▶ How to complete this task
Set down each line of the material that follows, exactly, with no pictures.

▶ Available data
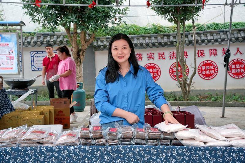 赛场外,“晒丰收”展区人头攒动。各乡镇(街道)特色农产品集中亮相,饱满谷物、鲜灵蔬果尽显本土精华,粱宴食品带来的高粱黄粑、高粱月饼、高粱粉等产品备受青睐,“早上带来的高粱粉,现在已经抢光了!”负责人张君扬介绍。游客与村民边逛边尝,在味蕾中品味丰收甜蜜。
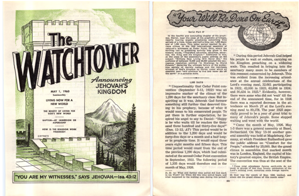 ”I det tolfte och avslutande kapitlet i sin profetiska skildring berättar Daniel, som närmade sig slutet på den tid, varunder han ägt privilegiet att tjäna såsom profet, att han hörde en ängel profetera om olika tidsperioder, en som omfattade en tid, tider och en halv tid (eller 1.260 dagar) och en annan som omfattade 1.290 dagar. Denna senare period nådde en strålande kulmen i Jehovas vittnens internationella sammankomst år 1922 i Cedar Point i Ohio, där den inspirerade maningen till predikoverksamhet blev given i dessa ord, som gått till historien: ”Därför annonsera [förkunna om], annonsera, annonsera Konungen och hans rike.” Dessutom antog de närvarande, som uppgick till mellan 18.000 och 20.000 personer, vid slutet av sammankomstens offentliga föredrag över ämnet ”Millioner som nu leva skola aldrig dö!” den frimodigt formulerade resolutionen ”Ett upprop till världens styresmän”, som framhöll det slutliga misslyckande, som skulle drabba de anordningar denna världens nationer gjort för att skapa trygghet, och bebådade den ofrånkomliga triumfen för Guds rike i Kristi händer, för det rike, under vars styrelse alla lydiga människor skall ”fortsätta att leva och aldrig dö” bort från jorden utan få njuta av paradisiska förhållanden.” – Vakttornet, 1 augusti 1960, sid. 351 (sve.) – Vakttornet, 1 maj 1960, sid. 282 (eng.)
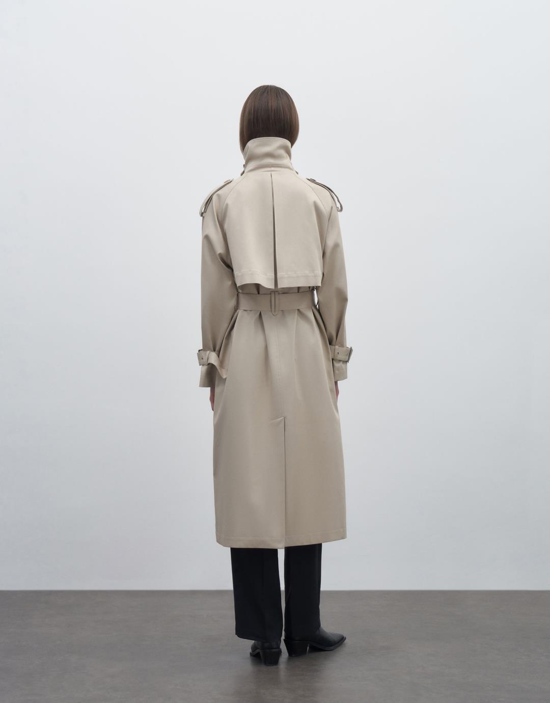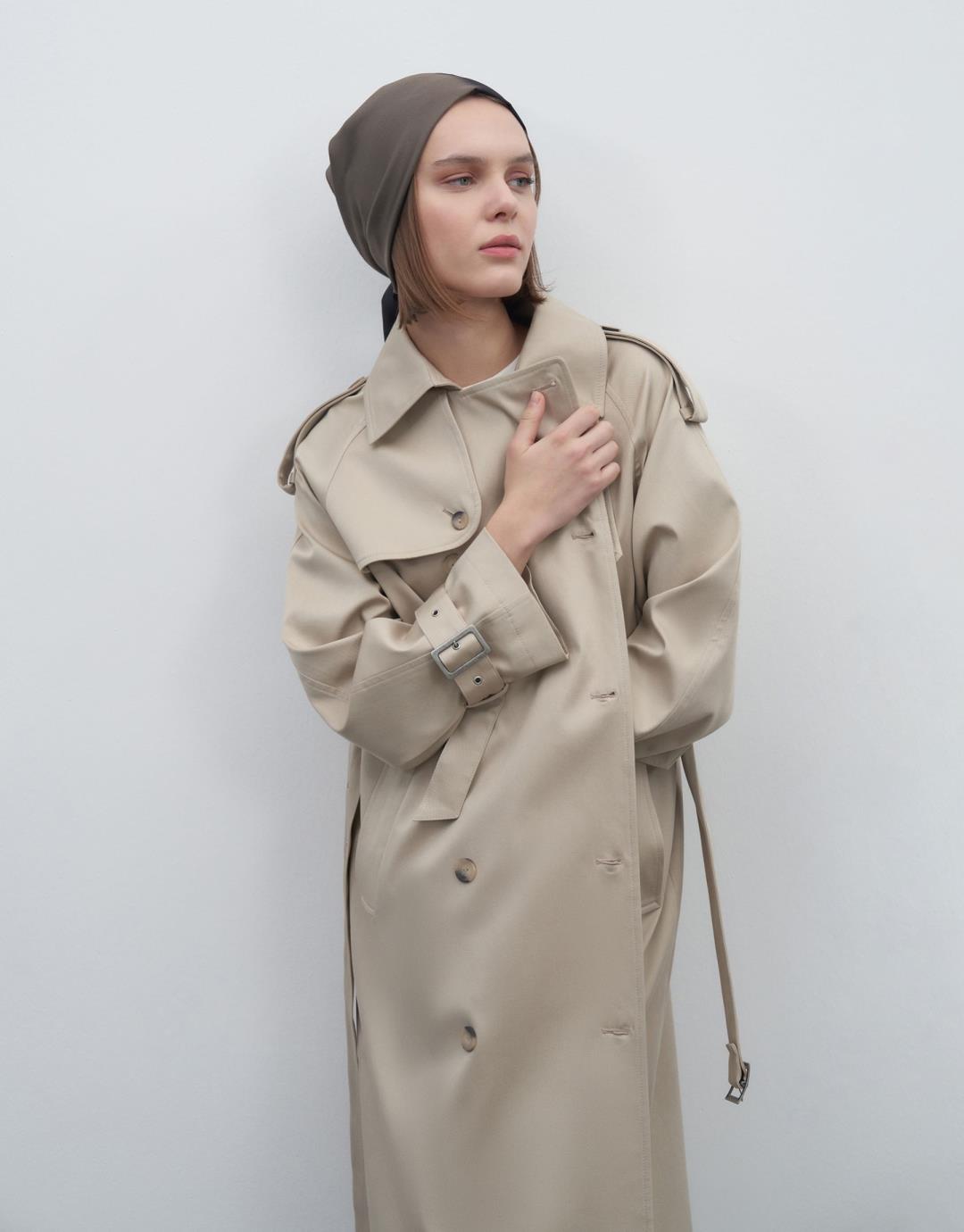 Fabric Content: 98% COT 2% EA Product Details: Collar detail. Raglan sleeve. Wrap model. Collared. Long sleeve. Sleeves with belt detail. Two side pockets. Adjustable belt. Slits. Lined. Model Size: 36 Model Height: 1.78 The product on the model is size 36. Usage and Washing Instructions: – Iron at medium heat. – Tumble dry. – Bleach is not used. – Dry cleanable.

▶ Written response
 赛场外,“晒丰收”展区人头攒动。各乡镇(街道)特色农产品集中亮相,饱满谷物、鲜灵蔬果尽显本土精华,粱宴食品带来的高粱黄粑、高粱月饼、高粱粉等产品备受青睐,“早上带来的高粱粉,现在已经抢光了!”负责人张君扬介绍。游客与村民边逛边尝,在味蕾中品味丰收甜蜜。
 ”I det tolfte och avslutande kapitlet i sin profetiska skildring berättar Daniel, som närmade sig slutet på den tid, varunder han ägt privilegiet att tjäna såsom profet, att han hörde en ängel profetera om olika tidsperioder, en som omfattade en tid, tider och en halv tid (eller 1.260 dagar) och en annan som omfattade 1.290 dagar. Denna senare period nådde en strålande kulmen i Jehovas vittnens internationella sammankomst år 1922 i Cedar Point i Ohio, där den inspirerade maningen till predikoverksamhet blev given i dessa ord, som gått till historien: ”Därför annonsera [förkunna om], annonsera, annonsera Konungen och hans rike.” Dessutom antog de närvarande, som uppgick till mellan 18.000 och 20.000 personer, vid slutet av sammankomstens offentliga föredrag över ämnet ”Millioner som nu leva skola aldrig dö!” den frimodigt formulerade resolutionen ”Ett upprop till världens styresmän”, som framhöll det slutliga misslyckande, som skulle drabba de anordningar denna världens nationer gjort för att skapa trygghet, och bebådade den ofrånkomliga triumfen för Guds rike i Kristi händer, för det rike, under vars styrelse alla lydiga människor skall ”fortsätta att leva och aldrig dö” bort från jorden utan få njuta av paradisiska förhållanden.” – Vakttornet, 1 augusti 1960, sid. 351 (sve.) – Vakttornet, 1 maj 1960, sid. 282 (eng.)
 Fabric Content: 98% COT 2% EA Product Details: Collar detail. Raglan sleeve. Wrap model. Collared. Long sleeve. Sleeves with belt detail. Two side pockets. Adjustable belt. Slits. Lined. Model Size: 36 Model Height: 1.78 The product on the model is size 36. Usage and Washing Instructions: – Iron at medium heat. – Tumble dry. – Bleach is not used. – Dry cleanable.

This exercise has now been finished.